Maillon essentiel du réseau de la santé, les diététistes-nutritionnistes sont présentes dans les centres hospitaliers, les CLSC, les centres d’hébergement et dans les centres de réadaptation. Elles travaillent à l’amélioration et au maintien de l’état nutritionnel des gens en les soutenant dans l’amélioration de leurs habitudes alimentaires. Voilà pour la description officielle. Cependant, la réalité de leur profession est plus passionnante encore et l’importance de leur rôle dans le réseau est largement sous-estimé.

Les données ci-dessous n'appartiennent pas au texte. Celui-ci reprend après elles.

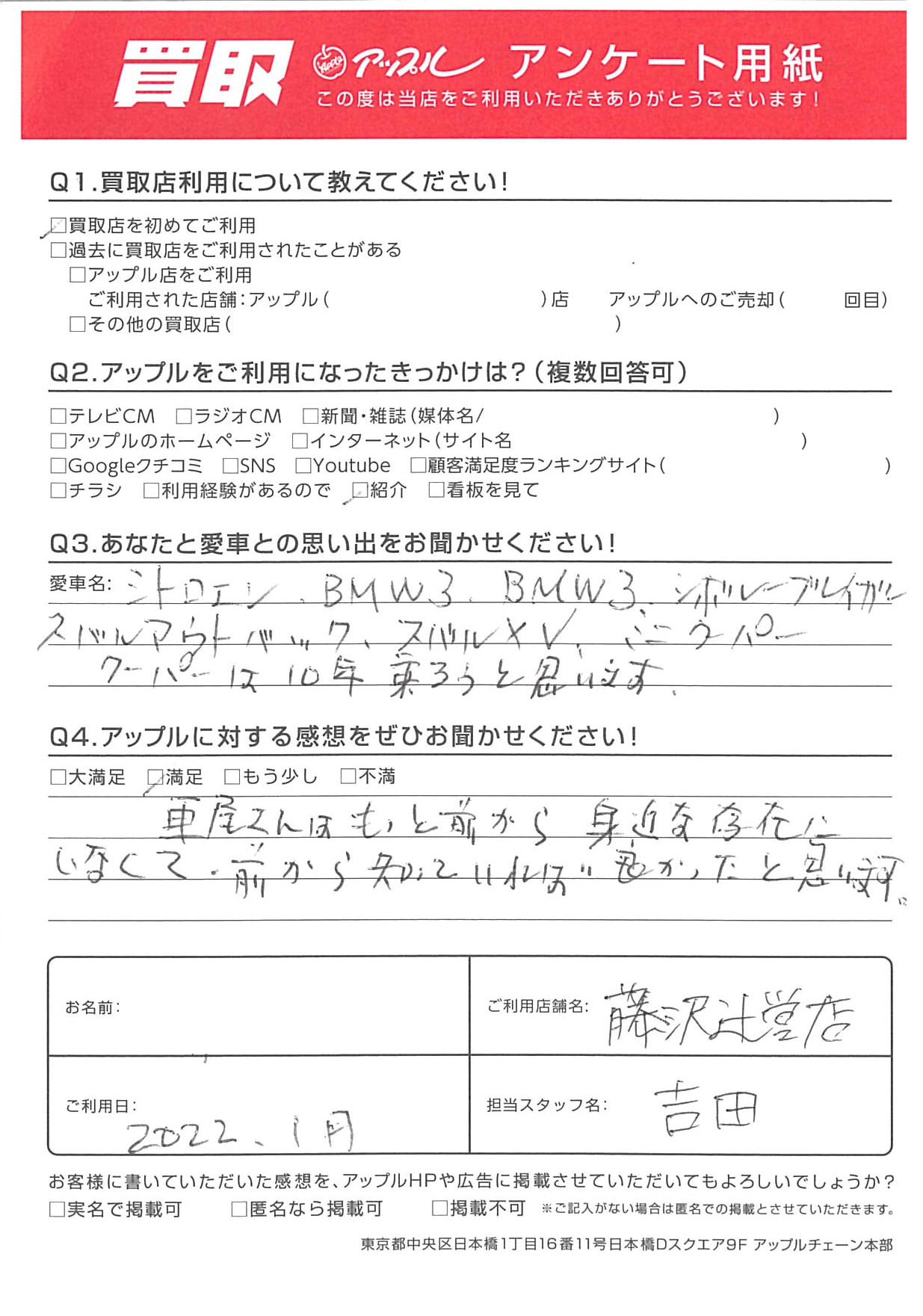 お車のご相談・ 査定だけでもOK! カンタン 入力 30秒 アップルがブランド買取始めました! お電話でも受付中! 受付時間10:00 ~ 18:30 0120-974-899 お車のご相談・ 査定だけでもOK! カンタン 入力 30秒 アップルがブランド買取始めました! お電話でも受付中! 受付時間10:00 ~ 18:30 0120-974-899 アップルがブランド買取始めました! お電話でも受付中! 受付時間10:00 ~ 18:30 0120-974-899 店舗情報 在庫車 スタッフ紹介 ブログ お客様の声 キャンペーン お得 無料査定 click お客様の声 ご記入日: 2022/01/21 I様 Q.あなたと愛車との思い出をお聞かせください!A.クーパーは10年乗ろうと思います。Q.アップルに対する感想をぜひお聞かせください!A.車屋さんはもっと前から身近な存在にいなくて、前から知っていれば 良かったと思います。担当:吉田 前へ 次へ お客様の声一覧を見る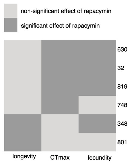 The heat stress tolerance assessed in a temperature-ramping assay in our study revealed that CTmax was significantly higher in male flies that had been exposed to rapamycin in four out of the six lines (Figure 1). Bjedov et al. (2010) [11] studied starvation resistance and found that both male and female D. melanogaster fed with rapamycin had an increased tolerance. These results suggest that rapamycin treatment in D. melanogaster increases robustness towards multiple environmental stresses. Chou et al. (2012) [42] found that the inhibition of mTOR results in a reduced production of heat shock proteins (Hsp). Based on the knowledge that Hsp are important for coping with high temperature stress [43,44] flies treated with rapamycin would then be expected to have reduced CTmax which is opposite to what we see. However, Duncan (2008) [45] found that while rapamycin blocks the translation of Hsp90, it does not affect the translation of Hsp70; thus not all Hsps are inhibited by rapamycin. Our study does not provide an explanation for why rapamycin causes increased heat tolerance in male flies but the involvement of TOR in several stress resistance pathways across a range of species is well known [46,47]. Interestingly, the positive impact of rapamycin on CTmax is not a universal finding across the investigated lines again showing strong impact of genotype on response to rapamycin in this trait. It is well known that the ability to cope with environmental stress including heat tolerance in D. melanogaster degreases with age [48,49,50,51]. Given that rapamycin treatment has anti-aging properties we suggest that the finding of increased heat tolerance in flies feed rapamycin is linked to a younger physiological age of these flies at the time of testing their CTmax (flies ca. 6 days old). This hypothesis needs experimental testing, and our data does not allow for investigating whether the finding of higher CTmax in rapamycin treated flies is linked to altered expression of Hsps in consequence of TOR inhibition.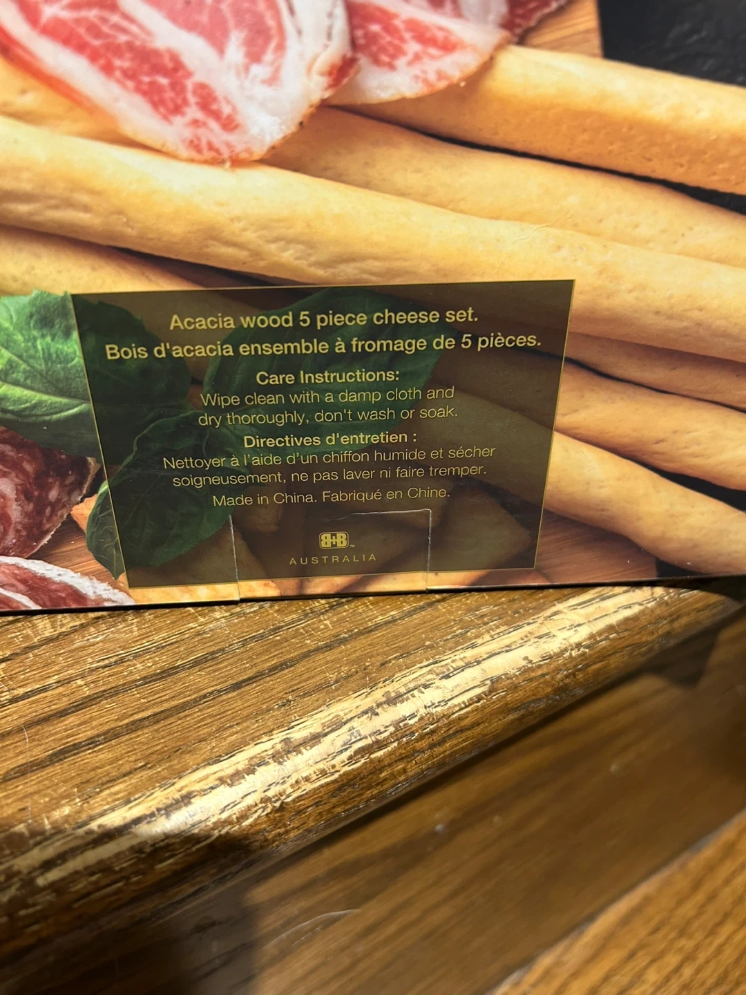 Selling a brand new Cibo acacia wood 5-piece cheese set! This set is perfect for entertaining and serving your favourite cheeses. The care instructions are simple: just wipe clean with a damp cloth and dry thoroughly. Don't wash or soak. Made in China

En effet, la science pointe de plus en plus vers l’alimentation pour expliquer un nombre incalculable de maux et les nutritionnistes sont de plus en plus spécialisées afin d’y répondre. « Depuis les années 80, il est de plus en plus facile de travailler en collaboration étroite avec les médecins, rappelle Martine Bienvenue. Les nutritionnistes ont de plus en plus leur place dans le traitement médical des patients. La réforme du Code des professions a statué que la détermination du traitement nutritionnel et sa surveillance sont des activités réservées aux nutritionnistes et je crois que cela a grandement aidé à obtenir plus de confiance de la part des médecins.» Mais la partie n’est pas encore gagnée, souligne-t-elle, car il reste encore du travail de sensibilisation à faire auprès des collègues de travail pour bien faire comprendre la nature et la portée de leur profession. Car les mythes ont la vie dure…
Des mythes à défaire
Dans les médias, un peu tout le monde peut se prétendre spécialiste de la nutrition. Et l’impression demeure que ces spécialistes auto-proclamés servent surtout à faire perdre du poids, vendant ainsi des miracles qui ne peuvent se réaliser. Les diététistes-nutritionnistes sont donc parfois confrontées à des attentes irréalistes qui complexifient leur travail.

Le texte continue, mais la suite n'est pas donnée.